It’s hard to say which transit agency has had a worse go of it lately. New Jersey Transit had some banner years in 2012 when Hurricane Sandy knocked out hundreds of millions of dollars of rolling stock and followed that up by being unable to cope with greater-than-expected crowds during the 2014 Super Bowl. Meanwhile, Metro-North has been plagued by derailments, collisions and deaths over the past 16 months. It’s not been a good look for either.
So it should come as no surprise then that a New Jersey Transit official who was given the boot, in part, over the agency’s response to Sandy has found a new home at Metro-North.
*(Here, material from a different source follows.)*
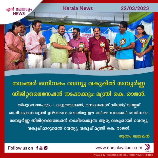 നവംബർ ഒന്നിനകം റവന്യൂ വകുപ്പിൽ സമ്പൂർണ്ണ ഡിജിറ്റലൈസേഷൻ നടപ്പാക്കും: മന്ത്രി കെ. രാജൻ.

Karen Rouse of The Record had the story:
NJ Transit’s former railroad chief, who was pushed out in March following two tumultuous years that included the flooding of nearly 400 rail cars and locomotives during Superstorm Sandy, has landed a job within New York’s Metropolitan Transportation Authority. Kevin O’Connor, the former vice-president of rail at NJ Transit, started April 10 as Metro-North Railroad’s new chief transportation officer, according to Aaron Donovan, spokesman for Metro-North, a division of the MTA that provides rail service in suburban New York and Connecticut…
O’Connor came under intense public scrutiny in 2012 after Superstorm Sandy flooded hundreds of NJ Transit rail cars and locomotives that had been left to sit in low-lying, flood prone rail yards. Documents and emails revealed that NJ Transit did not follow a plan to move the equipment to higher ground, and instead left the rail cars and locomotives in the vulnerable yards in Kearny and Hoboken as Sandy approached. The damage to the equipment was upwards of $120 million.
In February, the Christie Administration shook up NJ Transit, replacing former executive director Jim Weinstein with Ronnie Hakim – herself a onetime former special counsel at the MTA. Hakim dismissed O’Connor and Joyce Gallagher, NJ Transit’s former vice-president for bus operations, within weeks…
Metro-North President Joseph Giulietti, in a written statement, expressed confidence in O’Connor. “I have known Kevin for decades and like many in the railroad industry, I have the utmost respect for his operational skills, his leadership and his management abilities,” said Giuletti, who took leadership of Metro-North in January. “He has 37 years of experience with Amtrak and NJ Transit, both of which are partners with Metro-North, and we will benefit from his long experience.”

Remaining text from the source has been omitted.